By Mark Shenefelt - | Sep 27, 2022

Mark Shenefelt, Standard-Examiner

Brewvies Cinema Pub, 2293 Grant Ave. in Ogden, was burglarized Friday, Sept. 23, 2022. It is shown here on Monday, Sept. 26.

OGDEN — The Brewvies Cinema Pub in downtown Ogden has closed temporarily after a break-in last week caused extensive damage.

Widespread damage was inflicted in the business and numerous items were stolen, Lt. William Farr, Ogden Police Department spokesperson, said Tuesday. He declined to give more specifics because the case is under investigation. No arrests have been made, he said.

KSTU reported that several employees said over the weekend that they were going on strike, alleging unsafe working conditions, after the burglary.

Efforts to reach Randy Miller, owner of the Brewvies locations in Ogden and Salt Lake City, were not immediately successful. A man who answered the door at the Ogden theater on Monday said no one could speak about the burglary or other trouble. The marquee said, “Temporarily closed, machine failure.”

The Utah Occupational Safety and Health Division in May received a complaint about possible safety hazards at the Brewvies location in Ogden, Utah Labor Commission spokesperson Eric Olsen said Monday.

“Brewvies was cited for violations of workplace safety standards,” Olsen said by email. “UOSH is monitoring the progress of the abatement efforts and following up with verification that abatement is completed in a manner that complies with current safety standards.”

He said he had no comment about the reported labor dispute because the Labor Commission has received no complaints about Brewvies since the May violations. The commission would not get involved unless new complaints were reported, he said.

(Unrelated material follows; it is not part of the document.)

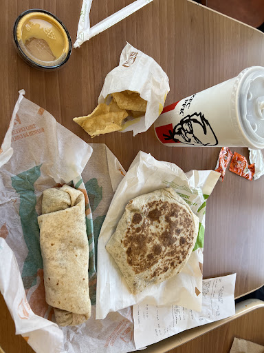 Read moreMy friends and I made the monumental mistake of deciding to hang out at Taco Bell. From the very moment we stepped in, it was clear we had entered a disaster zone. The trash bins were literally bursting with garbage, overflowing like a chaotic volcano. Tables? Covered in trash like an apocalyptic fast-food wasteland.

A citation and notification of penalty issued by UOSH in June found three serious violations and one less-than-serious violation at the Ogden theater.

In the projector booth, an electrical machine was hardwired to the building’s electrical system and the splice was unguarded, uninsulated and with energized conductors, a report of the first serious violation said.

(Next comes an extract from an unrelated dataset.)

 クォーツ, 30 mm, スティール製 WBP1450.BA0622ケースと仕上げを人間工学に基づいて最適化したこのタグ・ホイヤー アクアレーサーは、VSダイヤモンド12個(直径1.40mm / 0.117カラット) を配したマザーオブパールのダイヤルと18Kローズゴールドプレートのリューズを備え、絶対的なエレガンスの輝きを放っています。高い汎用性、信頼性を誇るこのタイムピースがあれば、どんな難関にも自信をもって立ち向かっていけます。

A second serious violation existed with a breaker box in the projector booth missing several circuit breakers, potentially allowing access to energized parts.

The third cited serious violation involved a series of junction boxes and light switches in the projector room with exposed, energized wiring.

A less-than-serious violation was Theater No. 1 being used as a storage room, “full of random clutter with no clear passageways.”

UOSH assessed a $1,500 penalty for the first serious violation.

The agency defines a serious violation as “a condition, practice, method, operation, or process in the workplace of which the employer knows or should know through the exercise of reasonable diligence” and that the problem presents a substantial possibility that it “could result in death or serious physical harm.”

A less-that-serious issue is “a hazardous condition which would probably not cause death or serious physical harm, but would have a direct and immediate relationship to the safety and health of employees.”